И он приходился дальним родственником артистке Мичуриной-Самойловой. Мама моя, театралка, иногда беседовала с ним о спектаклях и актерах.

— Сходи-ка ты к Владимиру Александровичу, скажи, если хочет, пусть отдаст нам свою карточку и будет у нас с ним общий котел. Что мы едим, то и он — норма одна. А ему не хлопотно.

Почему так решила мама, я до сих пор не понимаю, а впрочем, мне не надо было понимать, — главное, что она так решила.

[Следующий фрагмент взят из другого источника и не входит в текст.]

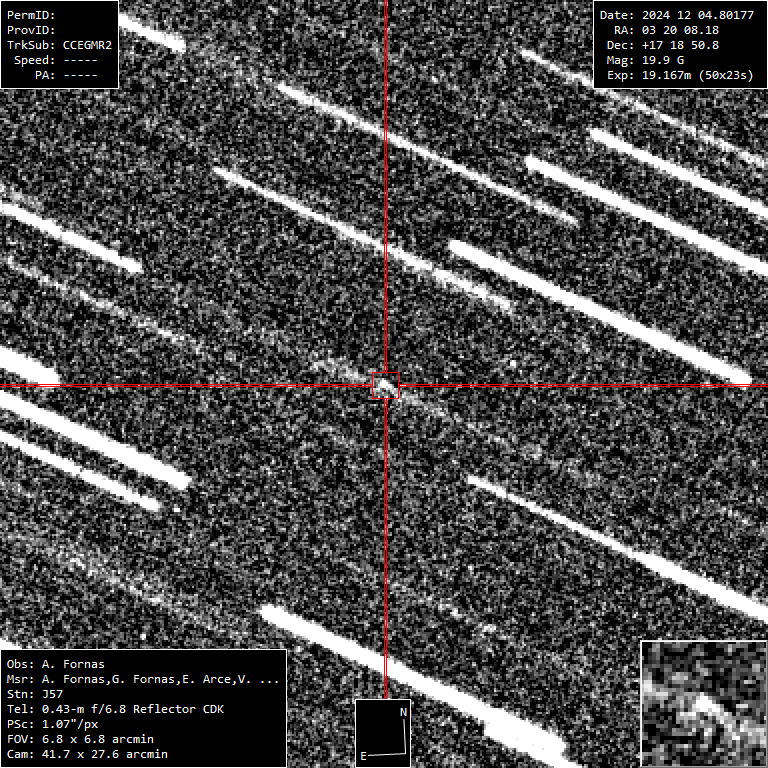 Aquí el MPEC del asteroide donde figura nuestro observatorio, el J57 en el CAAT.

Я отправился к Владимиру Александровичу. Старик сидел перед раскаленной «буржуйкой» и совал в распахнутую дверку обломки венского стула. Он безразлично взглянул на меня:

— Ты?

Я, путаясь и сбиваясь, кое-как объяснил ему суть маминого предложения. На лице учителя отразились разные чувства: каждый день есть домашний суп — это заманчиво. Но как так взять и отдать карточки в руки подростка?

— Я подумаю, — сказал он.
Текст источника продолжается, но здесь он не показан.